Karen: [00:18:25] So just to track, "What does it take to work well asynchronously?" The first thing is a really good foundation, which probably comes from asynchronous meeting. From getting together, and talking through the goals, the direction, the intent, the norms of collaboration and outline of the project. Probably a structure of who's going to do what and what's the pacing going to be.
Karen: [00:18:48] And you know some things about how is the work going to get done, all those kinds of things. You don't want to rush through that. You want to make sure that those are collaboratively decided on and that there's the sense of collaboration right off the bat.
Karen: [00:19:01] And then as you go off in your sort of separate places early on, you want to do smaller chunks, get back together and check in with each other more often. It can spread out over time as you build that working relationship and build the confidence of it.

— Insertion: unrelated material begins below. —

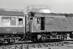 (L and C) Class 25 locomotives 25323 (front) and 25303 head the return "Cambrian
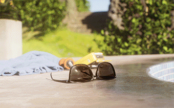 Subtle environmental details, like distant cicadas & pool water ripples.

Karen: [00:19:16] But keep in mind always that even if I am working on my own, I am working on a joint thing that is intended to reflect and to belong to the relationship. And so what I'm putting into it when I'm not in the presence of my collaborative partners, is going to get influenced by those other people at some point and some things they're going to just love what I did and some things they're not.
Karen: [00:19:42] And I need to be ready to set aside my attachment to pieces, and be able to really have that conversation where there's disagreement. And let go if there's a better idea or a different direction, or the project's headed off somewhere else.
Karen: [00:19:55] So be prepared for where the roads that we're on sort of diverge and make sure that there are opportunities for intersection again. And then being really cautious about resentment that may show up when there are differences, really show up with a ton of curiosity, and as little ego as you can manage.
Karen: [00:20:15] And check in with each other and make sure that when you're working through those differences, you have a way to go about it. That results in everyone still being heard and whole. And not getting into those resentful places. So that the end product is a model of collaboration and bringing in the best of what everybody has to offer and even more than the best of any one individual. But that magic that happens when real collaboration happens. And we're just really pointing to the value, both for convenience of being able to work asynchronously and also for the benefits of individual focused work, and the collaborative different gifts, and energies going into it.
Paul: [00:20:58] Well, that's going to do it for us today. Until next time, I'm Paul Tevis.
Karen: [00:21:01] And I'm Karen Gimnig. And this has been Employing Differences.